• Problem requirements: Scan the records below for the line with "ประกาศการจัดซื้อจัดจ้าง ประจำเดือน ธันวาคม" and the line with "Este es el calendario", and retype that range exactly, both ends included, pictures excepted.

• Dataset extract:
..........

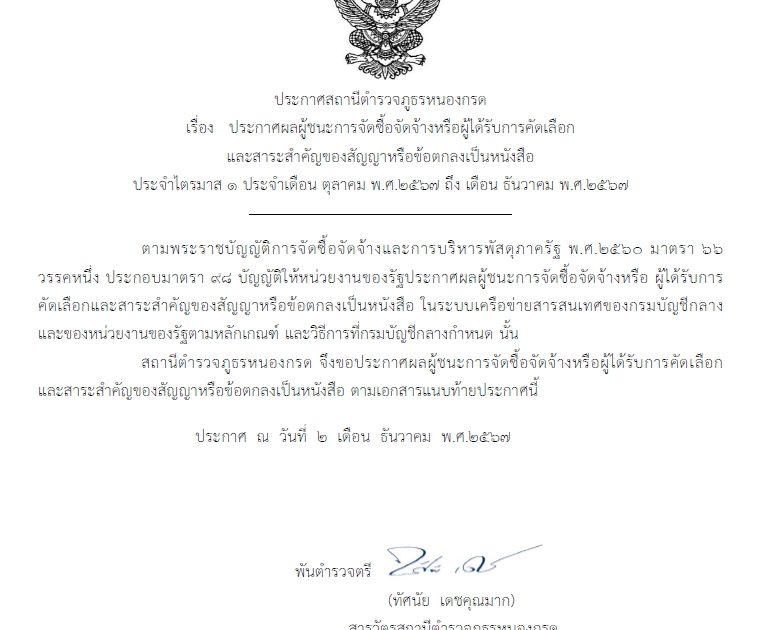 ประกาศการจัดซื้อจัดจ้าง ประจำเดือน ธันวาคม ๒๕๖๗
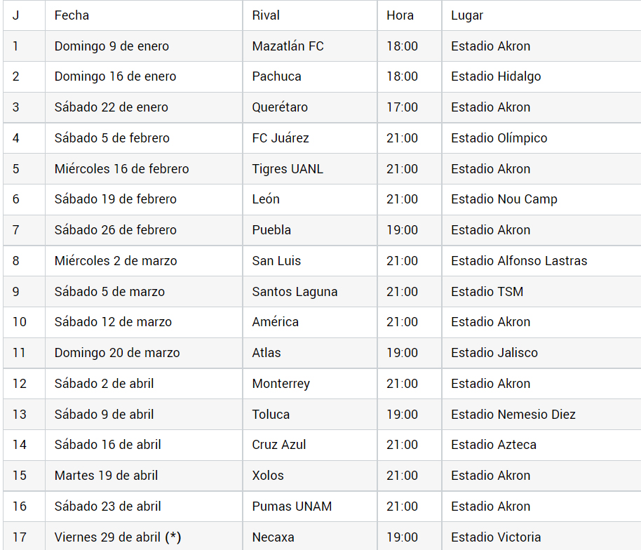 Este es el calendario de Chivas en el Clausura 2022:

..........

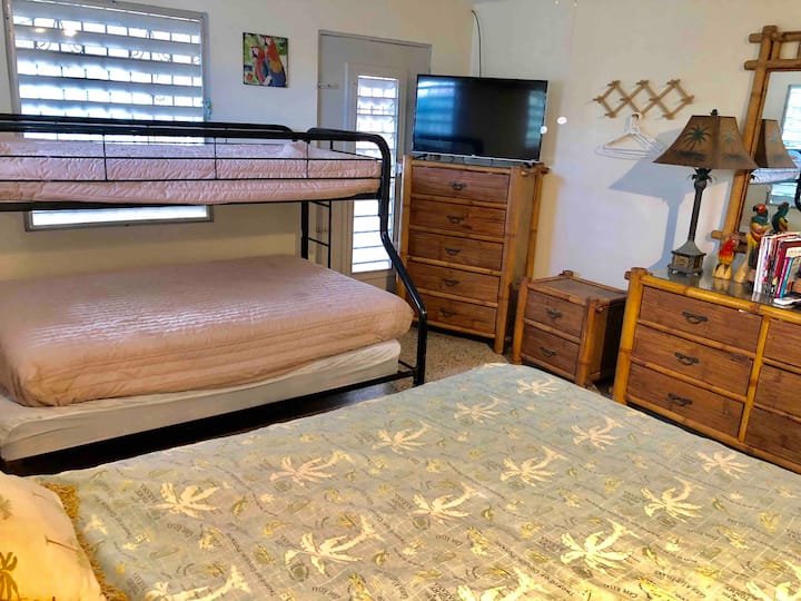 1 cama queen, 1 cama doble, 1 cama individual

..........

• Response for this exercise:
 ประกาศการจัดซื้อจัดจ้าง ประจำเดือน ธันวาคม ๒๕๖๗
 Este es el calendario de Chivas en el Clausura 2022:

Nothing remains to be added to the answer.